Q&A: Vice President for Human Resources Pamela Prescod-Caesar

Editor’s note: This article was initially published in The Daily Gazette, Swarthmore’s online, daily newspaper founded in Fall 1996. As of Fall 2018, the DG has merged with The Phoenix. See the about page to read more about the DG.

Throughout her life and career, Swarthmore’s new Associate Vice President for Human Resources Pamela Prescod-Caesar has had a deep relationship with institutional diversity. She has worked on diversity initiatives at Goodwill, Colgate, and Harvard. Just one month into her new position, we sat down with Prescod-Caesar on Tuesday to find out how she’s settling in to her new job and about the special role diversity will play.  



Where does your appreciate for diversity come from?

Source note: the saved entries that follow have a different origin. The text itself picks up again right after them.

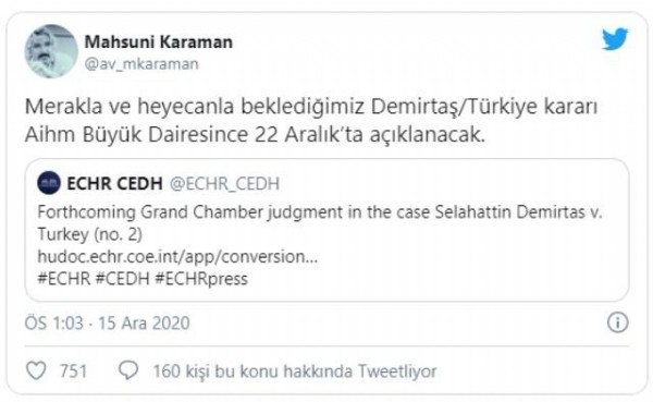 Terör tutuklusu HDP’li Selahattin Demirtaş'ın avukatı Mahsuni Karaman, AİHM Büyük Dairesi'nin Demirtaş hakkındaki kararını 22 Aralık'ta açıklayacağını duyurdu.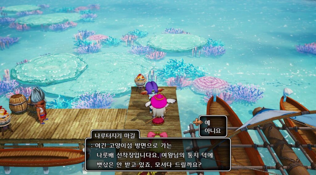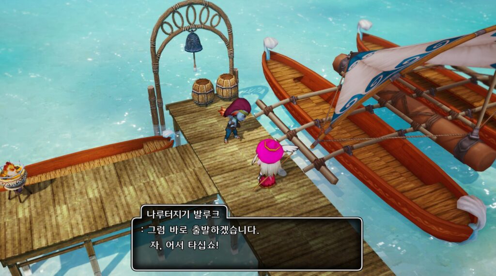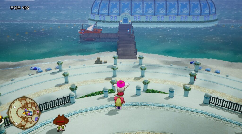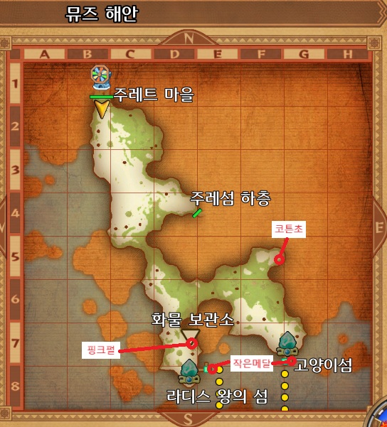 마을 남쪽출구로 나가 뮤즈해안 D8의 라디스왕의섬 방향 선착장까지 이동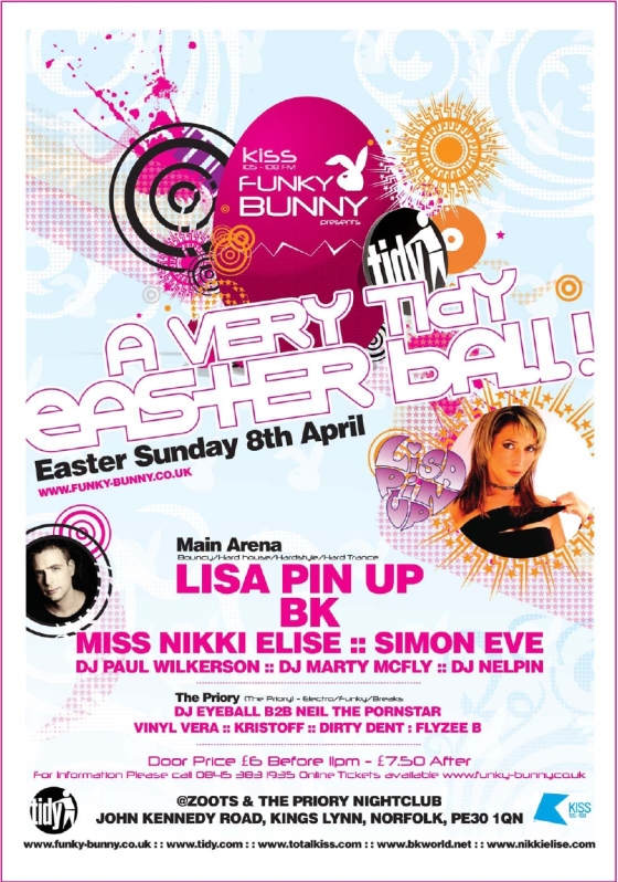 funky bunny the easter ball april 8th Funky Bunny Presents a Very Tidy Easter Ball! Easter Sunday 8th April @Zoots & The Priory Nightclub, John Kennedy Road, Kings Lynn, Norfolk, PE30 1QN Funky Bunny’s favourite time of the year! As we go Full on Bunny Time! We bring you a mega Easter treat! After the lost of the Xmas Party we bring you a huge Treat for Easter to kick start 2007 in style! We have put together one of the best Line ups ever to hit Kings Lynn! We bring to you two of the biggest Names in Hard Dance! The Superstar Legend that is Lisa Pin Up!! And The Legend that has been top of his game BK! Alongside some of the Hottest Talents in East Anglia and the Midlands! Main Room - Bouncy/Hard house/Hardstyle/Hard Trance Lisa Pin Up The Worlds No.2 Female Hard Dance Dj! Lisa Pin-Up is the stuff off legend in hard dance circles, having cut out her own niche in the market with energetic DJ sets of skilful mixing and anthemic sounds making her a clubbers favourite and near permanent fixture in the DJ Mag Top 100 DJs. She’s also notched up an impressive catalogue of best selling DJ mix compilation CDs and 12” single releases on leading labels, and off the decks her bubbly personality and stunning looks have also won over legions of fans and made her a media favourite, starring on countless magazine covers and making her one of the most familiar faces in dance music, and one of a select few DJs that can genuinely be described as a household name. BK Winner of Best Track & best producer at the Hard Dance Awards! Ben Keen, best known to dance fans the world over as BK, is one of the most prolific DJ / producers of the past decade. As in house producer at Nukleuz, he wrote, co-wrote and remixed over 70 releases, single-handedly shaping the sound of hard dance in the mid nineties long before he'd even seriously contemplated DJing. It wasn't long before BK the producer tried his hand at being BK the DJ - after all, there's only so long you can turn down offers to tour Asia, Australia, Africa, America and Europe without becoming curious... Simon Eve (Tidy’s very Own Manager, Recharge) Miss Nikki Elise (House of Elise, Kiss FM, Funky Bunny Resident) Dj Paul Wilkerson (Resident, BIG) Dj Marty Mcfly (Funky Bunny) Dj Nelpin Room 2 (The Priory) - Electro/Funky/Breaks Dj Eyeball B2B Neil The Pornstar Vinyl Vera Kristoff Dirty Dent – Flyzee B Funky Bunny Dancers - Full Funky Bunny Club Décor - Angle Grinding - POI Dancing – Sexy Cyber Bunny Girls – Full on Laser Display – 3d Visuals & More! ONLY £6 Advanced Tickets Available online www.funky-bunny.co.uk Or Door - £6 Before 11pm /£7.50 After Plus The new Funky Bunny Merchandise Stall - Full all your Funky Bunny Merchandise, Glowsticks/Glow Bunny Ears/glasses and more!! & Laughing Gas! www.funky-bunny.co.uk - www.tidy.com – www.totalkiss.com - www.bkworld.net – www.nikkielise.com - www.simoneve.com www.thundermental.co.uk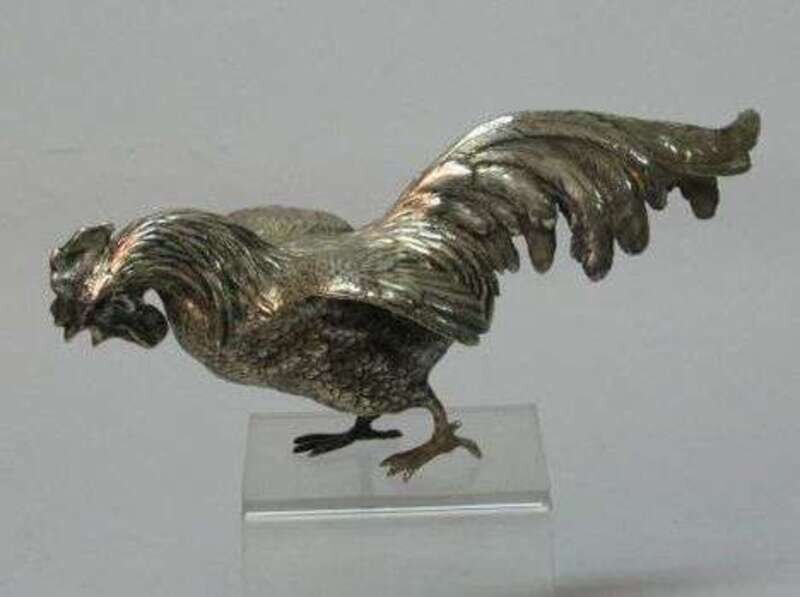 With ruby glass eyes, stamped 800. H: 4 in, 11 oz.
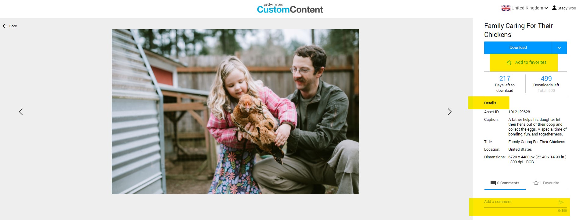 此页面提供更多信息,如位置和描述,用于图像或片段。 从这个页面,您也可以评论、添加到收藏夹和下载资产。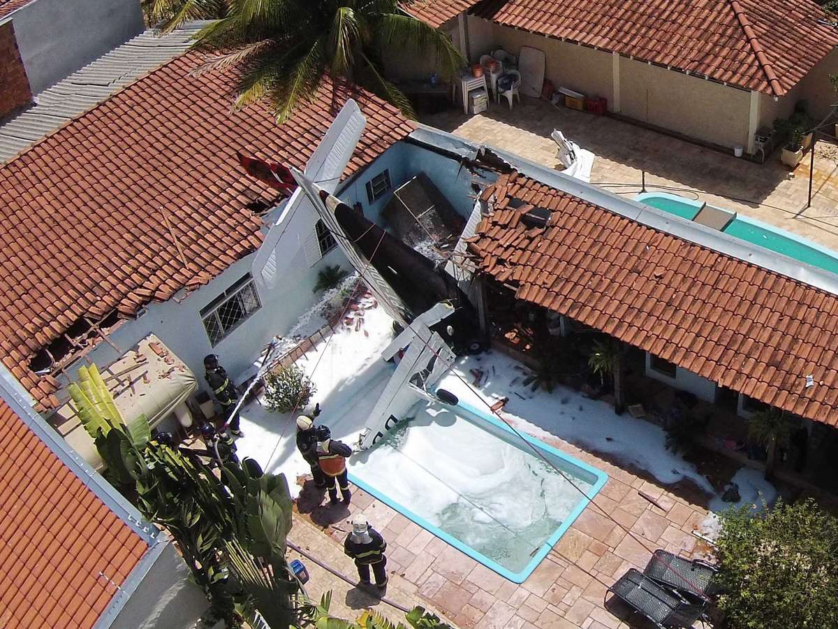 De acordo com a Polícia Militar, a aeronave caiu sobre a piscina de uma residência, que fica a poucos metros do aeroporto. O acidente, segundo os Bombeiros, ocorreu por volta das 13h10.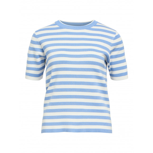 Fijngebreid truitje van het merk Object. Dit truitje heeft een streepdessin, ronde hals, korte mouwen en een regular fit.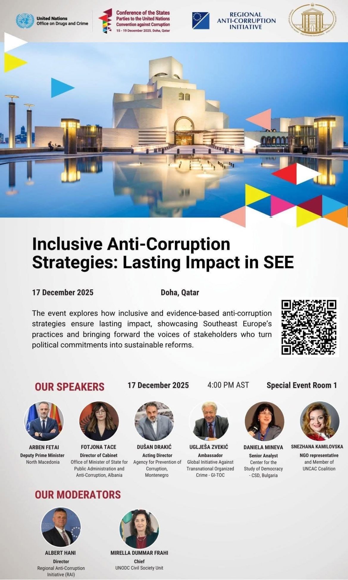 Shkup, 16 dhjetor – Zëvendëskryeministri, Arben Fetai së bashku me UNODC dhe Iniciativën Rajonale Antikorrupsion (RAI), do të jetë nikoqir i panelit me rëndësi për vendin ku do të diskutohet për strategjitë gjithëpërfshirëse kundër korrupsionit.

Is it simply a part of the job description, or is it something that you chosen to focus on?

Diversity came into my career several years ago. It started way back when I was Vice President for Human Resources at Morgan Memorial Goodwill Industries. Goodwill’s mission is to help folks with disabilities achieve success, and we served a diverse population. Then, when I went to work at Harvard, I got really more engaged. I was working for their Vice President for Administration in a division that included skilled workers, dining services, environmental services, and other services that made it really a potpourri of diversity. There were people coming from all different backgrounds. We especially had a very large population of immigrants working at the faculty club and things of that sort. Working on Harvard’s diversity initiatives, the questions were, “How do we bring people together who will be able to really appreciate the values and the cultures that come in?” We started a series of programming and events celebrating things like National Black History Month and National Hispanic History Month as opportunities to bring people together. We wanted to envision ourselves as a tossed salad instead of a melting pot. We didn’t want people to lose their individuality, but we wanted them all to work together.

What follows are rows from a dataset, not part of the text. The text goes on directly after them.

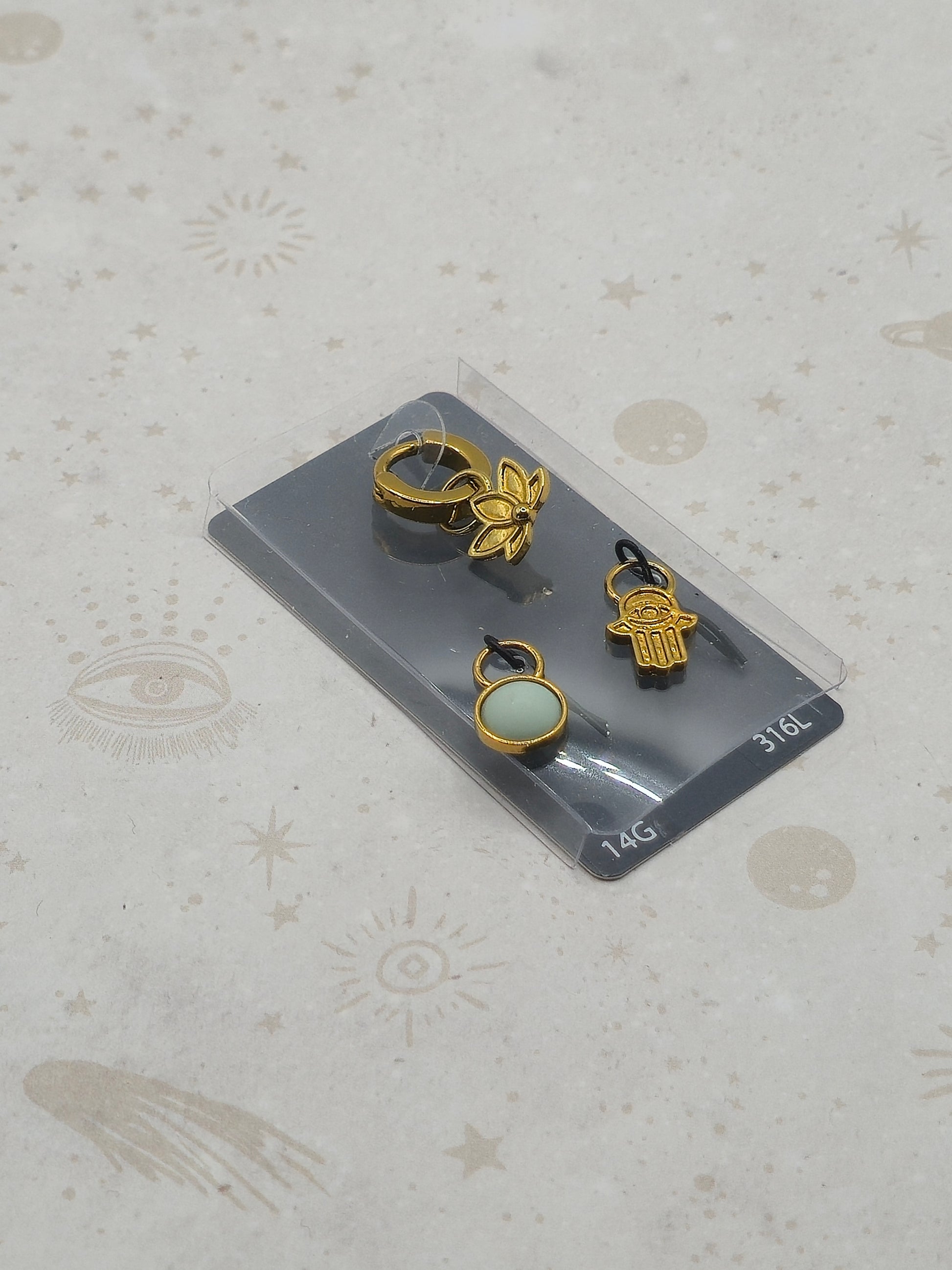 This earring comes with a set of 3 charms, including a lotus flower, a simple circle, and a Hamsa hand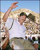 ![]() Oregon coach Mike Bellotti is carried off the field. |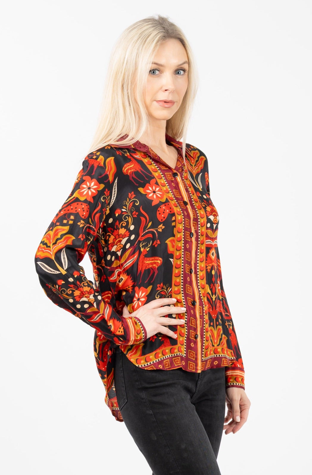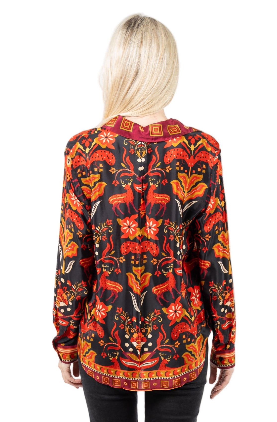 Bold, vibrant, and full of festive spirit, the Keani Sangria Blouse is the perfect piece to elevate your holiday wardrobe. Featuring a striking mix of warm reds, golds, and deep wine tones against a rich black backdrop, this button-front blouse captures the essence of effortless sophistication. Intricate patterns and a contrasting border design bring an artisanal flair, while the relaxed silhouette and soft drape make it as comfortable as it is eye-catching.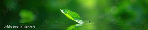© สิริวุฒิ นาคโคตร, Fototapeta premium A delicate green leaf suspended in the air above a pond, nature, green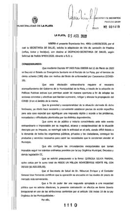 Expte. 4061-1149558-20. Adjudica Compra Directa Excepcional por la que se solicita la adquisición de kits de camisolin.
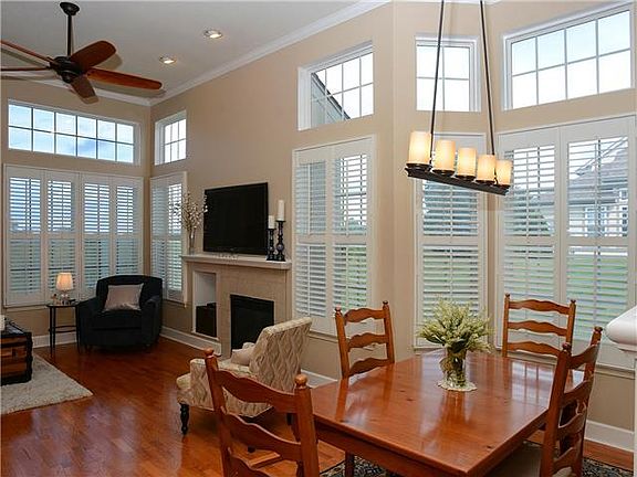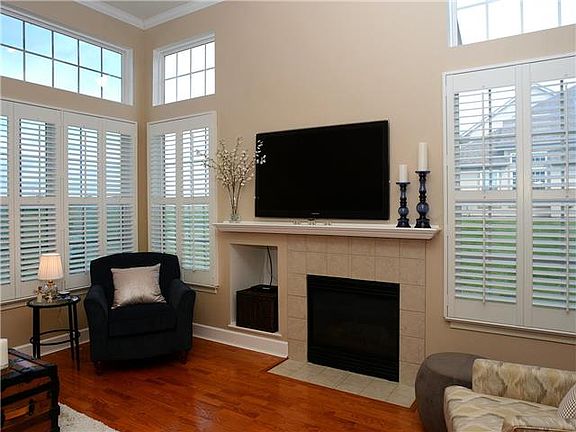 Rare 1.5 Plan- Main floor master and laundry! Such architectural flair! Dramatic staircase with iron spindles & gleaming hardwood floors invite you to 20' ceiling great room with fireplace. Master suite boasts 2 closets with bath including shower, jetted tub, granite, beautiful tile flooring. 2 BDRMS upstairs with full bath. Plantation shutters showcase wall of windows w/ green space. Large eat-in kitchen w/ lots of cherry custom cabinets & granite. Separate dining area too! Pristine- all new interior paint.

How does that inform what you did and Colgate and will do at Swarthmore?

Diversity is so innate in what I do. In fact, it’s more than just what I do; it’s a part of my being. I immigrated to the Boston area from Barbados as a child, and so I’ve had the whole experience of transitioning to a new country. I landed in a predominantly white community, and I was the only African-American student in my whole school at the same time Boston was dealing with school desegregation. Going through life from that lens and having that experience, diversity is a part of me now. I think it’s so important.

How do you define “inclusive communities”?

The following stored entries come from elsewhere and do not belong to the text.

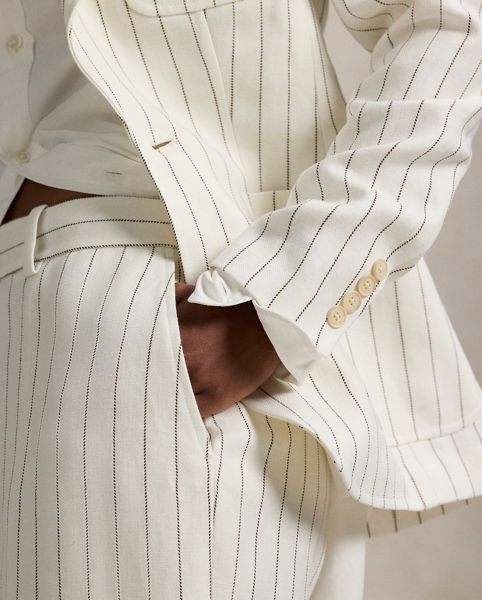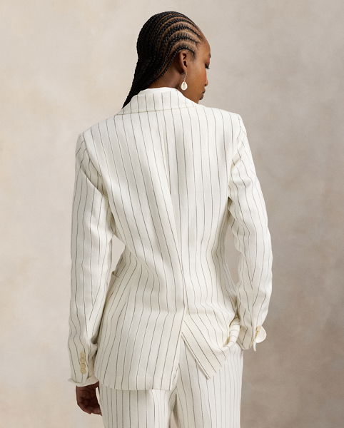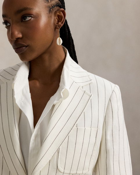 Single-Breasted Striped Hemp Blazer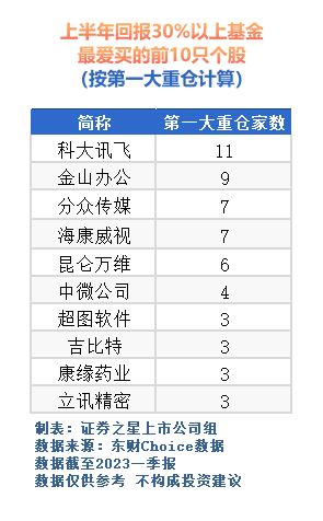 AI在A股热得发烫,与之有关的基金也是一夕成名。根据统计,在全市场有可比数据的1.03万款主代码基金当中,有116款基金上半年的回报率超过30%,其中除去纯债基等品种之外,不少基金都有披露十大重仓数据。按一季度数据计算,这116款基金涉及的第一大重仓股共有36只,其中前10的个股都被至少3只基金列为第一大重仓,它们几乎都与AI有着紧密关联。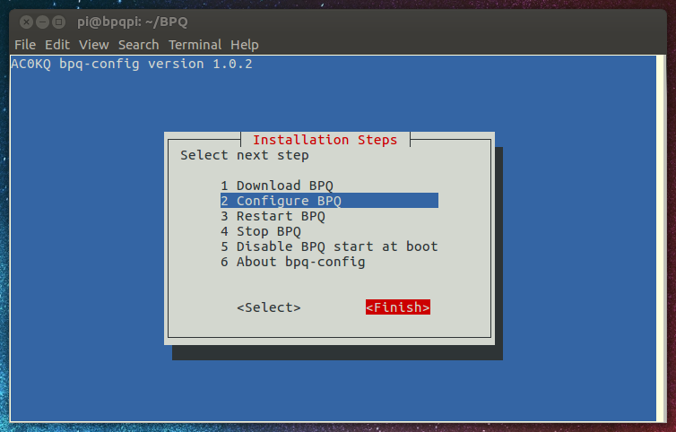 bpq-config will detect a fresh install by the absence of a .bpqconfig file. Select Quick Install unless you know what you are doing.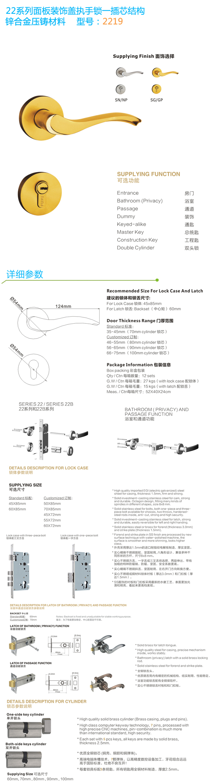 * 表示必填采購:分體裝飾蓋插芯門鎖 2219

I’ve worked at companies where when you walked in the door you had to conform to what were often conservative standards. You know, like “everyone has to speak the same language.” An inclusive community is a place where we allow each person to be their authentic selves. It’s a place where people can truly bring themselves and be respectful of other people. Too often people look at the differences. I always try to focus on the similarities and the things people have in common.

Did you work on diversity in the strategic planning process at Colgate?

Somewhat. At Colgate, then-President Chopp had established an office of diversity and a position of Chief Diversity Officer that reported directly to the president. Hamilton, New York, is very rural and doesn’t have a lot of diversity besides what the student body and staff bring. So we wanted a new way to educate both the internal and greater community and expose them to the broader concepts of diversity. So I had an opportunity to work collaboratively with the Chief Diversity Officer and put together a diversity week which included symposiums, keynote speakers, faculty members, and student involvement. At the end we celebrated the week with a parade and invited an artist and educator from the Caribbean to share about carnival culture. It was really cool, and even neighborhood kids got involved. I also helped the Chief Diversity Office work with students on Black History Month events, staff symposiums, a faculty and staff climate survey, and things of that nature.

What about Swarthmore’s Strategic Plan and other pushes for diversity here?

I’m still learning about the specific areas that  I’ll be working on, but I’ll be working with Equal Opportunity Officer Sharmaine LaMar and Dean of Students Liz Braun on the strategic diversity initiatives in the plan. In fact, my first introduction to the discussion will be in meeting with one of the groups—I’m still learning the acronyms—in order to start the dialogue. I look forward to getting involved with that. We have to determine what it is that the community really needs and the action steps are that we have to take to get there. There’s a little more drilling down to be done, but it’s all cued up.

Bernadette Dunning, a member of the search committee for your position, has said that you have “an open and welcoming manner that inspires trust.” It seems to me that this same description could apply to President Chopp’s leadership style. Do you think this new team at Swarthmore has something special the community can really appreciate?

I think what it is that President Chopp has pretty much assembled a senior team that can inspire trust and truly connect with the students, staff, and faculty, whatever their needs. I look around the senior table at the folks that I’ve just met, and I feel comfortable being my real self. I guess that’s part of my nature, but it also comes from the sense that they too are being authentic in their interactions. I truly believe that the formation of folks that come with these special qualities make for a really good leadership team.